### Record excerpts

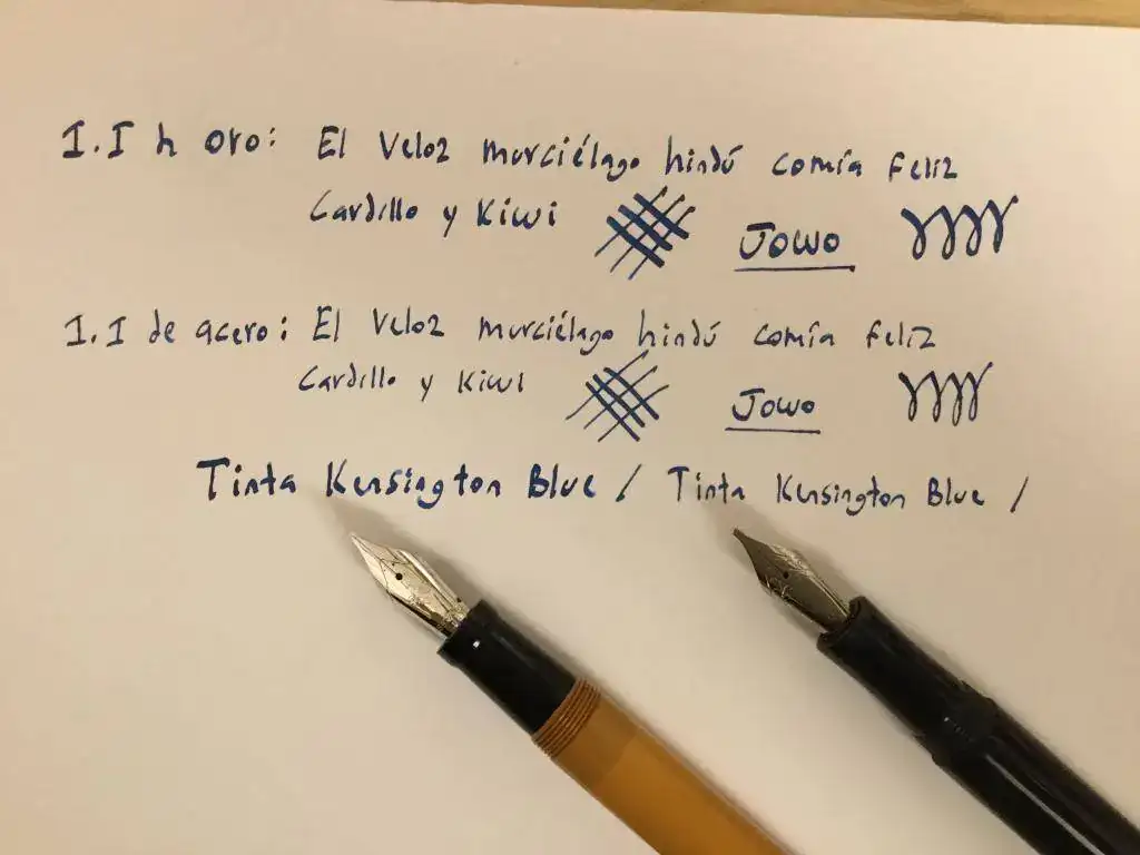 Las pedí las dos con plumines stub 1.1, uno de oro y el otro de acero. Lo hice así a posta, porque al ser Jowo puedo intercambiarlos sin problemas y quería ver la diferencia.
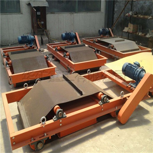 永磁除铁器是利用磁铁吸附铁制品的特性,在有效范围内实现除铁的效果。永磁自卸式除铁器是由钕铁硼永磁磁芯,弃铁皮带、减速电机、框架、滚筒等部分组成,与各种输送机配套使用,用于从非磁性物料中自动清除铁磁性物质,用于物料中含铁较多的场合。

######
### Record excerpts

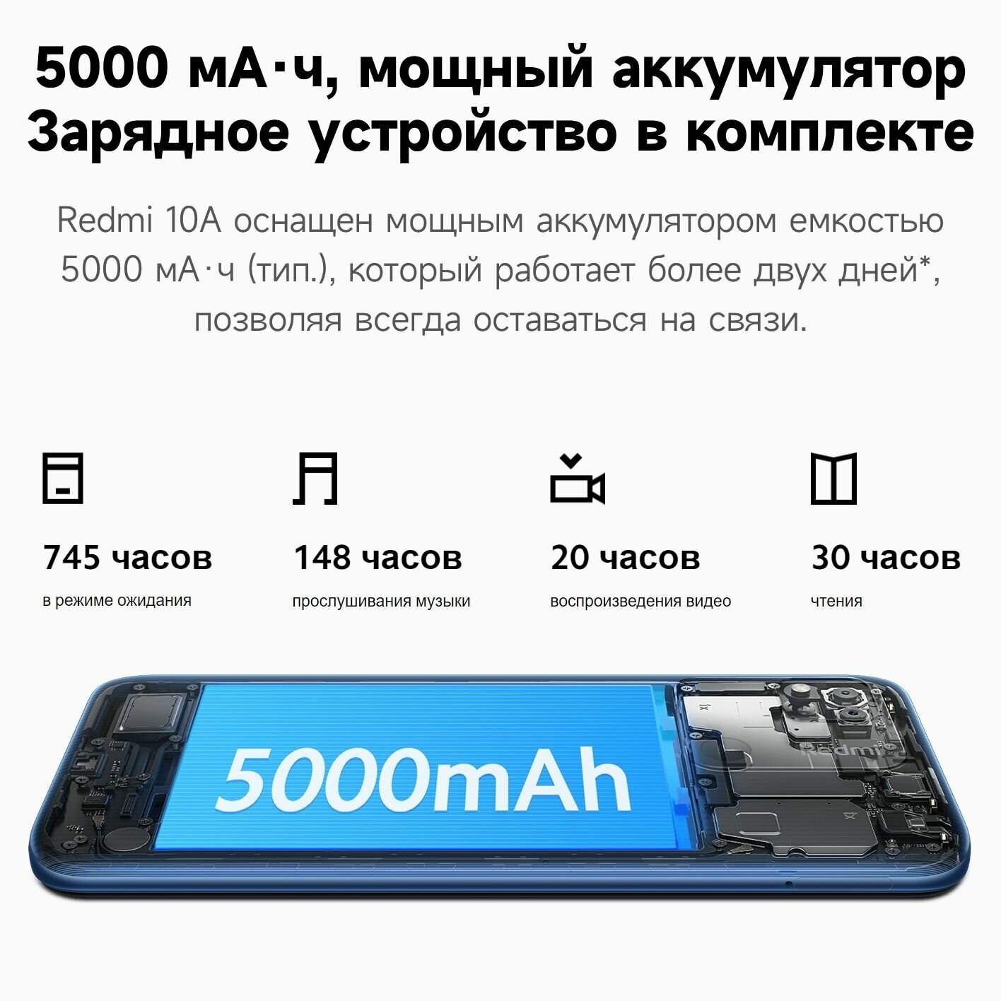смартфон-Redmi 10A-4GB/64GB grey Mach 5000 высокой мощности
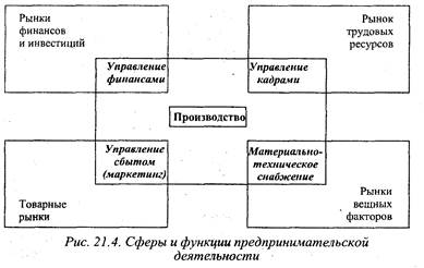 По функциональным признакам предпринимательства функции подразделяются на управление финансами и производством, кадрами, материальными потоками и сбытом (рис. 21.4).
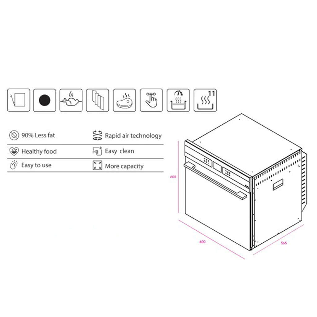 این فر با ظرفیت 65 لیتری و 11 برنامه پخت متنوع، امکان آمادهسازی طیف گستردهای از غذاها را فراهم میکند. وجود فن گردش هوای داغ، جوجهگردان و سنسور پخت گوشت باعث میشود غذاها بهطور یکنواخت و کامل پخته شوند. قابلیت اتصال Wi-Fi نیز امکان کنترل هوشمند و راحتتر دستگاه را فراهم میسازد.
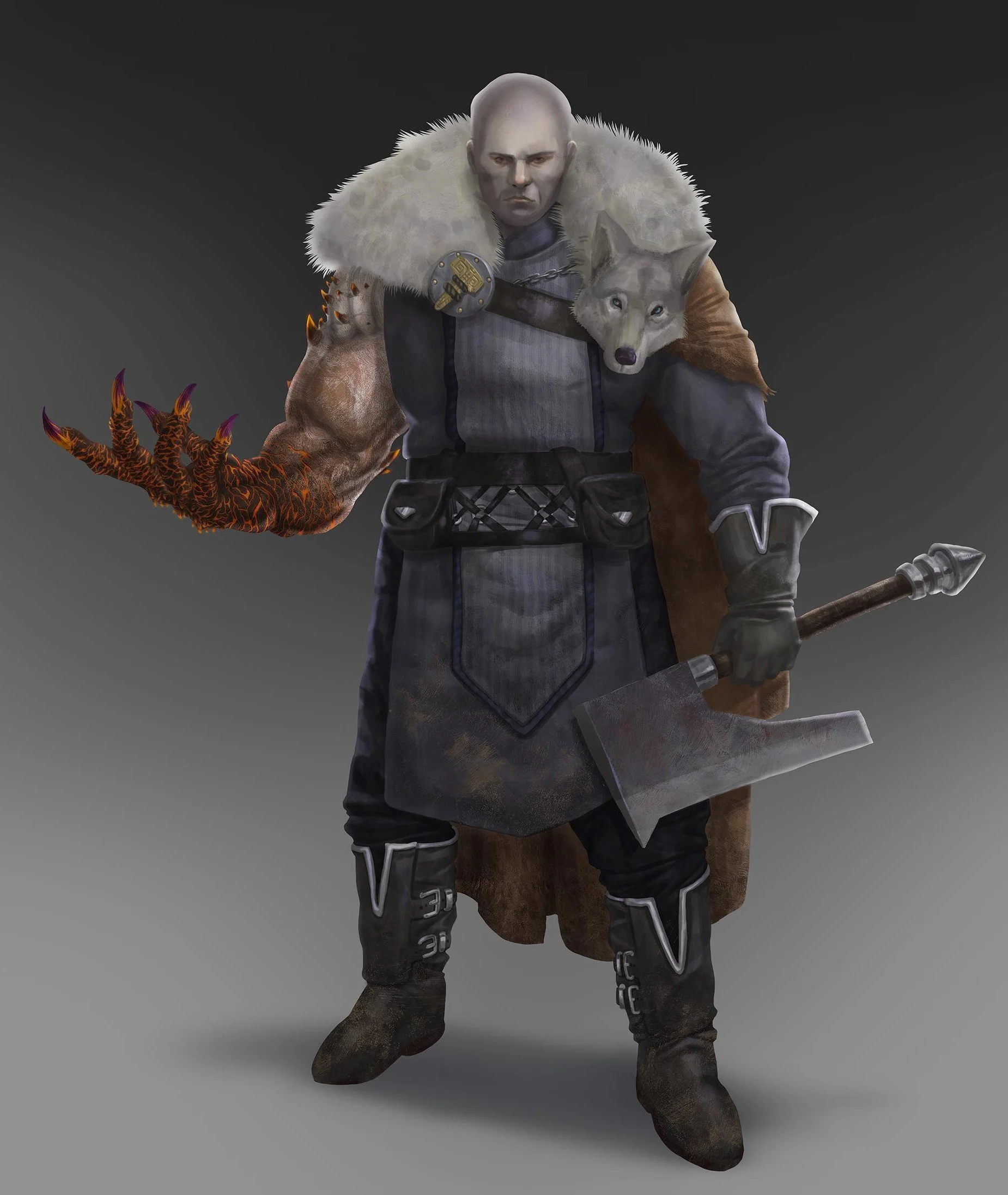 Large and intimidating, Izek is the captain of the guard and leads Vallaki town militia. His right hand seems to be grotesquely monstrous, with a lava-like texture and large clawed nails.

######

▶ Your objective: Excluding any pictures, print exactly the lines of the listing above from the line with "Las pedí las" to the line with "永磁除铁器是利用磁铁吸附铁制", both ends included.

▶ Task solution:
 Las pedí las dos con plumines stub 1.1, uno de oro y el otro de acero. Lo hice así a posta, porque al ser Jowo puedo intercambiarlos sin problemas y quería ver la diferencia.
 永磁除铁器是利用磁铁吸附铁制品的特性,在有效范围内实现除铁的效果。永磁自卸式除铁器是由钕铁硼永磁磁芯,弃铁皮带、减速电机、框架、滚筒等部分组成,与各种输送机配套使用,用于从非磁性物料中自动清除铁磁性物质,用于物料中含铁较多的场合。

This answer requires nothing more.